◆ **Exercise objective**
From first line to last, copy the listing exactly and omit its pictures.

◆ **Stored data**
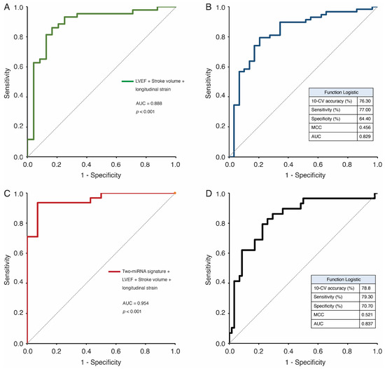 ROC curves for evaluating the predictive performance of clinical factors with differentially expressed miRNAs. (A) ROC curve of the clinical-only model (GLS + LVEF + LV-SV). (B) ROC curve of the 10-fold cross-validation test for the clinical-only model. (C) ROC curve of the combined value of the 2-miRNA panel +LVEF + LV-SV + GLS model. (D) ROC curve of the 10-fold cross-validation test for the 2-miRNA panel + GLS + LVEF + LV-SV model (function logistic). GLS, global longitudinal strain; LVEF, left ventricular ejection fraction; LV-SV, left ventricular stroke volume; MCC, Matthews correlation coefficient.
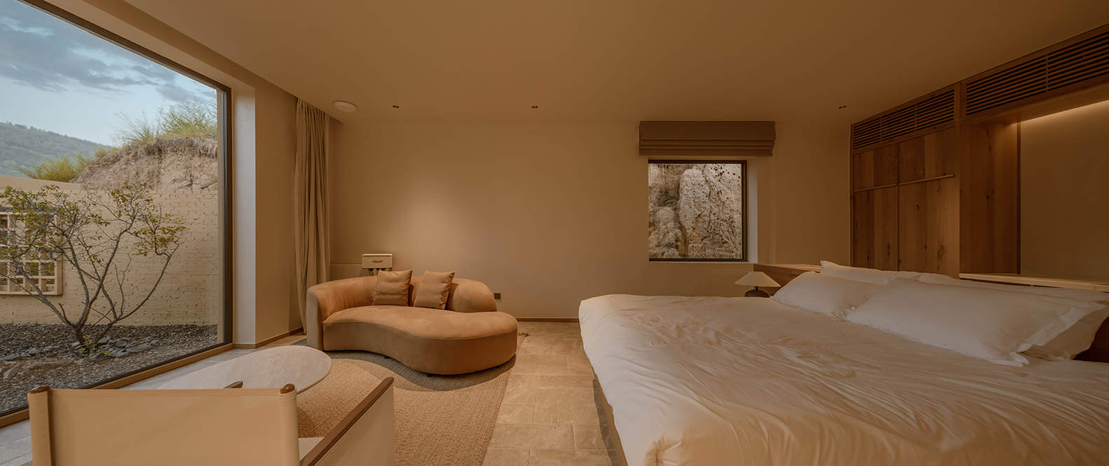 与环境的和谐共生:KALHA酒店的设计精髓在于其与环境的完美融合。设计师没有采用突兀的建筑风格,而是顺应地形,利用蜿蜒的墙体围合出连续的空间系统,使酒店仿佛从土地中生长出来。这种设计手法避免了传统酒店的封闭感,而是创造了一种开放、自由的氛围。客房单元的布局也打破了常规,随场地高差而变化,呈现出一种自由随机的形态,与村落的自发生长特征相呼应。这种设计理念不仅体现了对自然环境的尊重,也为住客提供了独特的空间体验,让他们感受到人与自然的和谐共生。
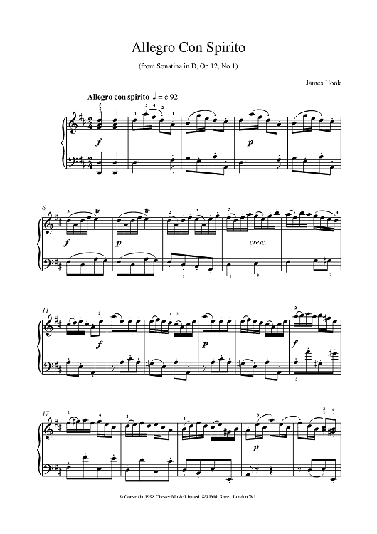 "Allegro Con Spirito Op12 No1" Sheet Music by J Hook
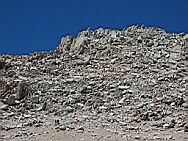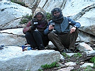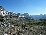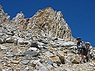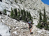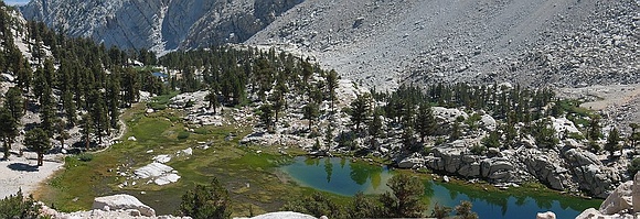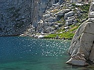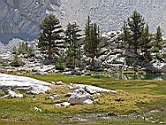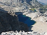 | 14-16 August 2009: Meysan Lake Area The destination of the second trip was Mount Mallory (13850 ft) and Mount LeConte (13930 ft). Both peaks are a few miles south of Mt. Whitney, the highest mountain in the contiguous United States. We started hiking at Whitney Portal, going up the Meysan Lake Trail. Enroute we passed a couple of beautiful small lakes embedded in green meadows. We arrived at Meysan Lake in the late afternoon and pitched our tents. The lake was sparkling in the evening sun and I couldn't resist to go for a swim in the crystal clear water. The next day, we climbed up Mount Mallory, scrambling up a steep chute. When I stood on the summit, I set a new personal record for the highest mountain climbed. But this new record lasted only a short time: two hours later, I set foot on Mount LeConte, which is 80 feet higher. Two records in one day, woo hoo!   | ||||||||||||

◆ **Response area**
 ROC curves for evaluating the predictive performance of clinical factors with differentially expressed miRNAs. (A) ROC curve of the clinical-only model (GLS + LVEF + LV-SV). (B) ROC curve of the 10-fold cross-validation test for the clinical-only model. (C) ROC curve of the combined value of the 2-miRNA panel +LVEF + LV-SV + GLS model. (D) ROC curve of the 10-fold cross-validation test for the 2-miRNA panel + GLS + LVEF + LV-SV model (function logistic). GLS, global longitudinal strain; LVEF, left ventricular ejection fraction; LV-SV, left ventricular stroke volume; MCC, Matthews correlation coefficient.
 与环境的和谐共生:KALHA酒店的设计精髓在于其与环境的完美融合。设计师没有采用突兀的建筑风格,而是顺应地形,利用蜿蜒的墙体围合出连续的空间系统,使酒店仿佛从土地中生长出来。这种设计手法避免了传统酒店的封闭感,而是创造了一种开放、自由的氛围。客房单元的布局也打破了常规,随场地高差而变化,呈现出一种自由随机的形态,与村落的自发生长特征相呼应。这种设计理念不仅体现了对自然环境的尊重,也为住客提供了独特的空间体验,让他们感受到人与自然的和谐共生。
 "Allegro Con Spirito Op12 No1" Sheet Music by J Hook
 | 14-16 August 2009: Meysan Lake Area The destination of the second trip was Mount Mallory (13850 ft) and Mount LeConte (13930 ft). Both peaks are a few miles south of Mt. Whitney, the highest mountain in the contiguous United States. We started hiking at Whitney Portal, going up the Meysan Lake Trail. Enroute we passed a couple of beautiful small lakes embedded in green meadows. We arrived at Meysan Lake in the late afternoon and pitched our tents. The lake was sparkling in the evening sun and I couldn't resist to go for a swim in the crystal clear water. The next day, we climbed up Mount Mallory, scrambling up a steep chute. When I stood on the summit, I set a new personal record for the highest mountain climbed. But this new record lasted only a short time: two hours later, I set foot on Mount LeConte, which is 80 feet higher. Two records in one day, woo hoo!   | ||||||||||||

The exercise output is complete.